Tuesday, April 13, 2010

Facts Salomon v A Salomon

Mr Aron Salomon was not a leather boot and shoe manufacturer. His firm was in Whitechapel High Street, with warehouses and a large establishment. He had had it for 30 years and "he might fairly have counted upon retiring with at least £10,000 in his pocket." He had a wife, a daughter and five sons. Four of the sons worked with him. The sons wanted to be partners, so he turned the business into a limited company. The wife and five eldest children became subscribers and two eldest sons also directors. Mr Salomon took 20,001 of the company's 20,007 shares.

The price fixed by the contract was £39,000, which was "extravagent" and not "anything that can be called a business like or reasonable estimate of value." Transfer of the business happened on June 1, 1892. Purchase money for the business was paid, totalling £20,000, to Mr Salomon. £10,000 was paid in debentures to Mr Salomon as well (ie, Salomon gave the company a loan, secured by a charge over the assets of the company). The balance paid went to extinguish the business’ debts (£1000 of which was cash to Salomon).

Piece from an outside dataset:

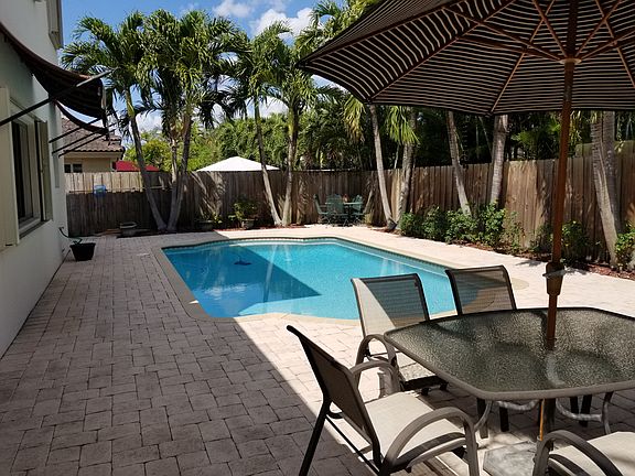 Beautiful two story 4 bedroom 3 bath home with large family room/office upstairs. Beautiful heated pool with large patio area and two car garage. Close to elementary, middle and high schools and shopping. Lots of upgrades including window treatments with tile floors downstairs and laminate wood floors upstairs. Open concept kitchen with extra cabinets and granite counter tops. Large Balcony. Crown molding in master bedroom with custom blinds. Ceiling fans in all bedrooms including family room. Accordion hurricane shutters. Fenced yard with wrought iron gates. NO HOA fees

But soon after Mr Salomon incorporated his business, there was economic trouble. A series of strikes in the shoe industry led the government, Salomon's main customer, to split its contracts between more firms (the Government wanted to diversify its supply base to avoid the risk of its few suppliers being crippled by strikes). His warehouse was full of unsold stock. He and his wife lent the company money. He cancelled his debentures. But the company needed more money, and they sought £5000 from a Mr Edmund Broderip. They gave him a debenture, the loan with 10% interest and secured by a floating charge. But the business still failed, and they could not keep up with the interest payments. In October 1893 Mr Broderip sued to enforce his security. That was the end. The company was put into liquidation. Mr Broderip was paid but other unsecured creditors were not.

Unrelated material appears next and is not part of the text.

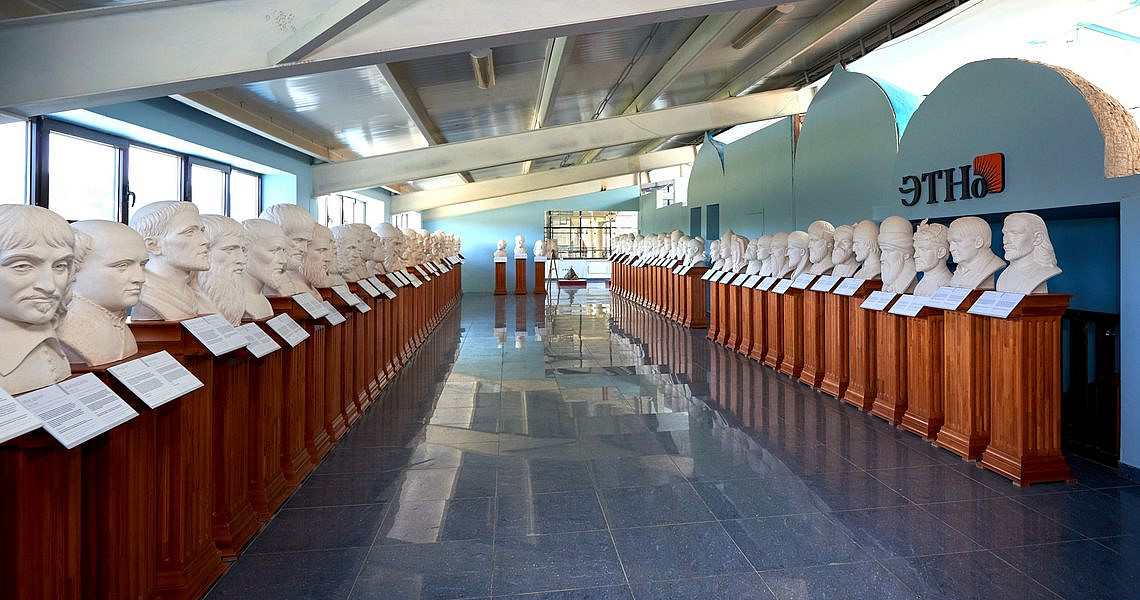 Экспозиция включает в себя свыше 100 экспонатов. Скульптор Алексей Леонов запечатлел в белоснежных гипсовых бюстах образы основателей мировых религий, философов, ученых, известных писателей и поэтов. Его искусство уникально: оно представляет зрителю культуру глазами художника ХХІ века, в котором информационное пространство, являясь основой, носит общемировой характер.

The liquidator met Broderip’s claim with a counter claim, joining Salomon as a defendant, that the debentures were invalid for being issued as fraud. The liquidator claimed all the money back that was transferred when the company was started: rescission of the agreement for the business transfer itself, cancellation of the debentures and repayment of the balance of the purchase money.

1 comment:

  1. Court of Appeal

    The Court of Appeal [1895] 2 Ch 323 confirmed Vaughan Williams J's decision against Mr Salomon, though on the grounds that Mr. Salomon had abused the privileges of incorporation and limited liability, which Parliament had intended only to confer on "independent bona fide shareholders, who had a mind and will of their own and were not mere puppets". Lindley LJ (an expert on partnership law) held that the company was a trustee for Mr Salomon, and as such was bound to indemnify the company's debts. Lopes LJ and Kay LJ variously described the company as a myth and a fiction and said that the incorporation of the business by Mr Salomon had been a mere scheme to enable him to carry on as before but with limited liability.